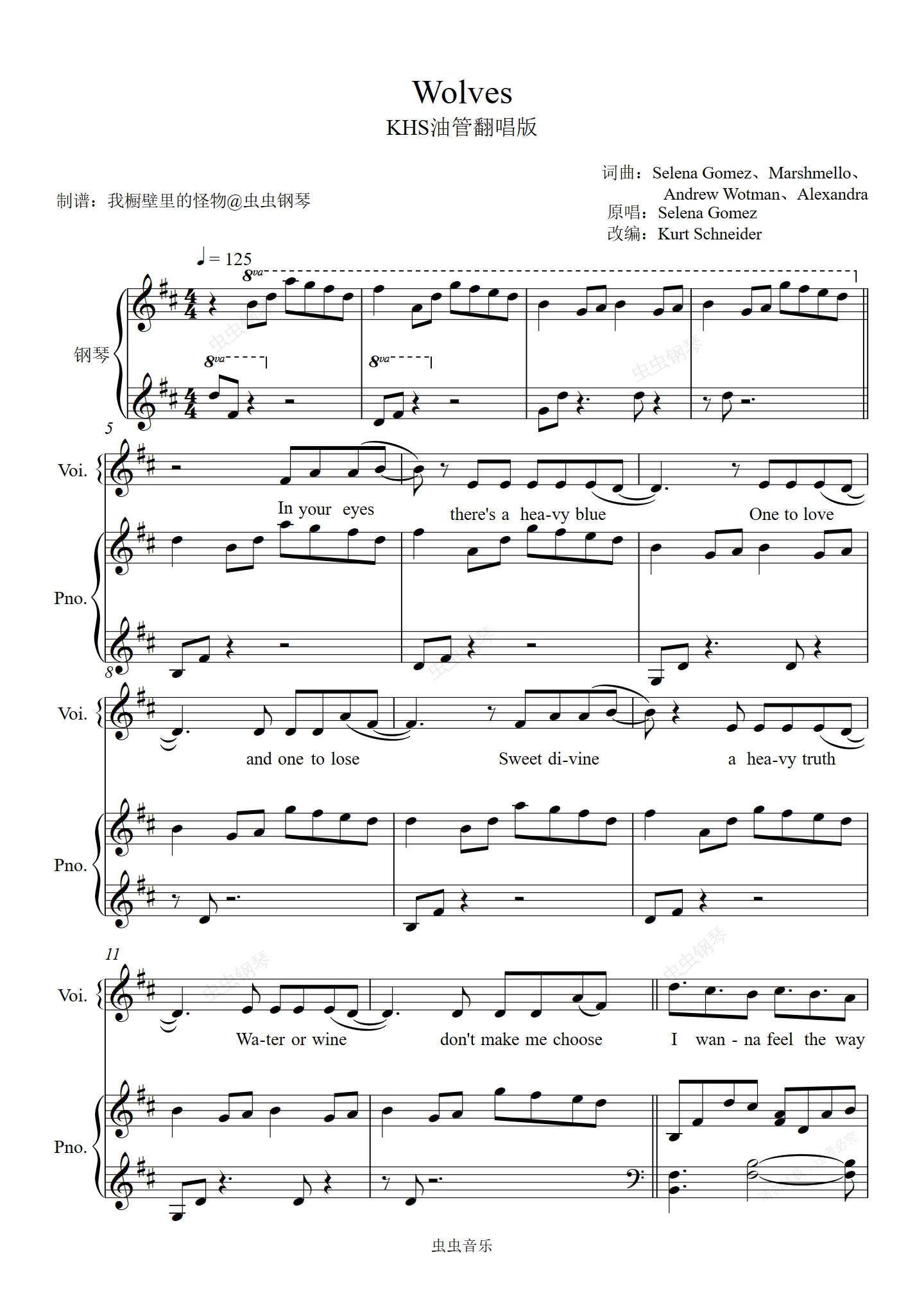 钢琴谱:《Wolves》完整弹唱谱(油管KHS翻唱版)
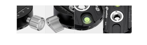 Głowica pracuje niezależnie w czterech kierunkach w oparciu o poziomice oraz skale pokazujące kąt pochylenia i obrotu. Pozycja aparatu jest regulowana poprzez 3 duże i poręczne pokrętła sterujące które umożliwiają zmianę płaszczyzny w małych skokach. Innowacyjnym rozwiązaniem jest funkcja złożenia głowicy do niewielkich rozmiarów tak przydatnych podczas transportu w plecaku lub torbie fotograficznej.
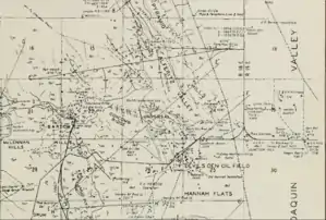 Salt Spring, originally, Aguaje de la Brea (tar springs), a spring in the Antelope Plain[2] on the southeast end of Pyramid Hills, 0.6 miles south of Emigrant Hill[3] and 1.5 miles north of Wagon Wheel Mountain[4] in the Pyramid Hills of Kern County, California.[1] Its location appears on a 1914 USGS Topographic map of Lost Hills.[5] Salt Spring is located just east of the Pyramid Hills and the Devils Den Oil Field,[6] 3 miles southwest of Devils Den,[7][8] close by the south side of Kecks Road, 0.23 miles east of the California Aqueduct, enclosed by a fence.
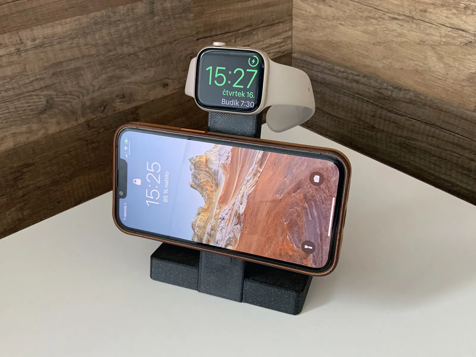 Cái đế này là để sạc iPhone và Apple Watch bằng sạc không dây chính hãng của Apple. Trong thiết lập này, tôi sử dụng Sạc MagSafe của Apple và Sạc nhanh từ tính của Apple Watch. Có hệ thống quản lý cáp bên dưới đế Đế (xem hình).
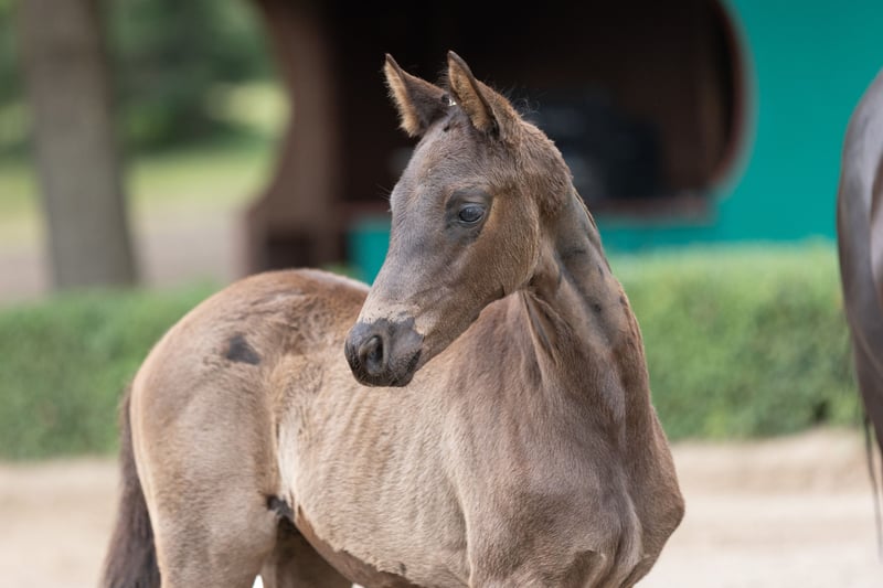 The father, awarded the elite title, holds a prominent position among the Trakehner stallions; he reliably passes on nobility and beauty, dynamic movement, and high rideability. His son, born in March, is also characterized by a very special nobility and distinction; he impresses with his harmonious and rideable body parts, and he moves dynamically and lightly, always in rhythm and in beautiful self-carriage. He is also a gem in terms of character: confident, very people-oriented, he impresses with his exemplary attitude towards all tasks presented to him, naturally halter-trained, loading-friendly, and raised in a natural herd environment. A promising young talent for riding, with his great abilities for a promising career, he will only bring joy.
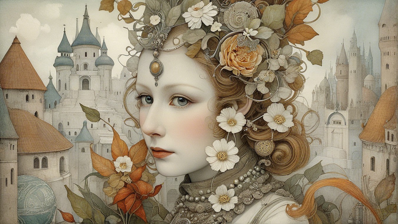The image features an elegant woman with intricate jewelry and a floral headdress, set against a dreamy, historical cityscape. Her serene expression evokes a sense of beauty and mystery.
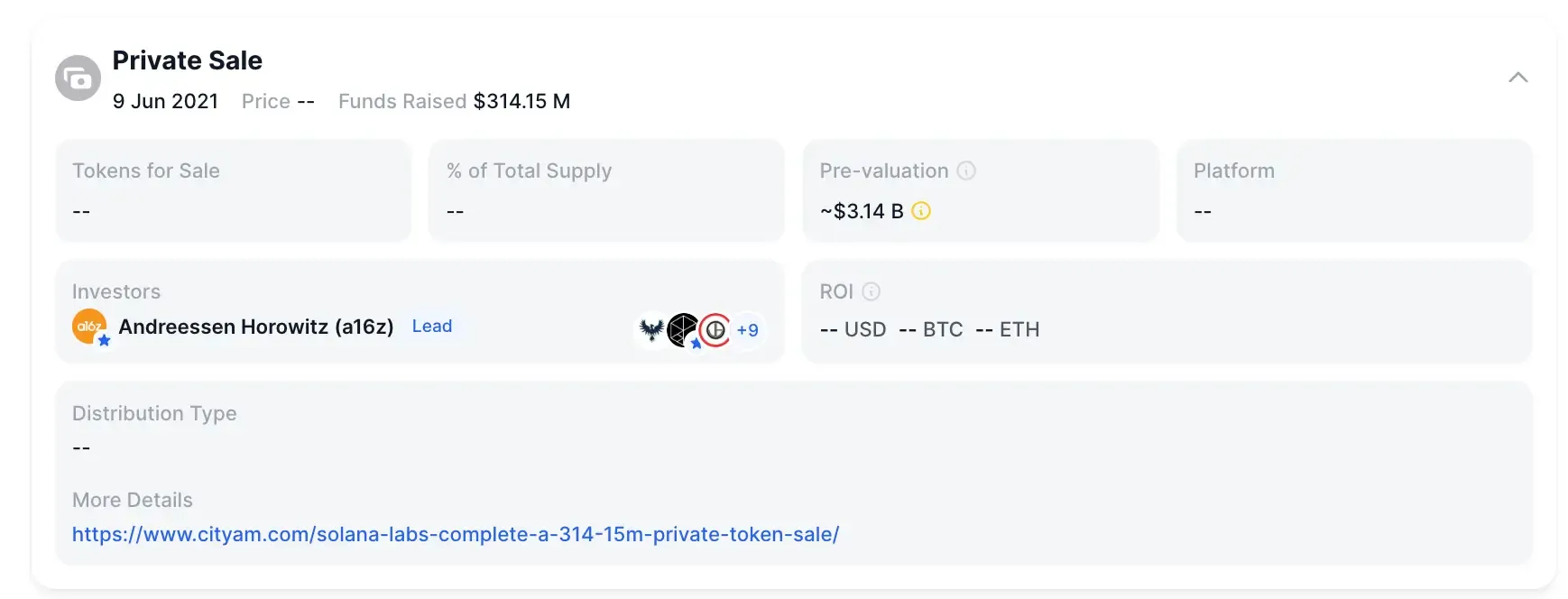 เพื่ออำนวยความสะดวกในการวิจัยของคุณ คุณไม่ได้จำกัดเพียงแค่ข้อมูลระดับผิวเผินเท่านั้น คุณสามารถดูข้อมูลเฉพาะที่ละเอียดสำหรับแต่ละรอบการระดมทุนได้โดยเพียงแค่ขยายรายการ:

Aim of the task:
Starting at the line that contains "Salt Spring, originally, Aguaje", extract each line through the last line of the material exactly as written, and include no pictures.

Solution to this task:
 Salt Spring, originally, Aguaje de la Brea (tar springs), a spring in the Antelope Plain[2] on the southeast end of Pyramid Hills, 0.6 miles south of Emigrant Hill[3] and 1.5 miles north of Wagon Wheel Mountain[4] in the Pyramid Hills of Kern County, California.[1] Its location appears on a 1914 USGS Topographic map of Lost Hills.[5] Salt Spring is located just east of the Pyramid Hills and the Devils Den Oil Field,[6] 3 miles southwest of Devils Den,[7][8] close by the south side of Kecks Road, 0.23 miles east of the California Aqueduct, enclosed by a fence.
 Cái đế này là để sạc iPhone và Apple Watch bằng sạc không dây chính hãng của Apple. Trong thiết lập này, tôi sử dụng Sạc MagSafe của Apple và Sạc nhanh từ tính của Apple Watch. Có hệ thống quản lý cáp bên dưới đế Đế (xem hình).
 The father, awarded the elite title, holds a prominent position among the Trakehner stallions; he reliably passes on nobility and beauty, dynamic movement, and high rideability. His son, born in March, is also characterized by a very special nobility and distinction; he impresses with his harmonious and rideable body parts, and he moves dynamically and lightly, always in rhythm and in beautiful self-carriage. He is also a gem in terms of character: confident, very people-oriented, he impresses with his exemplary attitude towards all tasks presented to him, naturally halter-trained, loading-friendly, and raised in a natural herd environment. A promising young talent for riding, with his great abilities for a promising career, he will only bring joy.
The image features an elegant woman with intricate jewelry and a floral headdress, set against a dreamy, historical cityscape. Her serene expression evokes a sense of beauty and mystery.
 เพื่ออำนวยความสะดวกในการวิจัยของคุณ คุณไม่ได้จำกัดเพียงแค่ข้อมูลระดับผิวเผินเท่านั้น คุณสามารถดูข้อมูลเฉพาะที่ละเอียดสำหรับแต่ละรอบการระดมทุนได้โดยเพียงแค่ขยายรายการ:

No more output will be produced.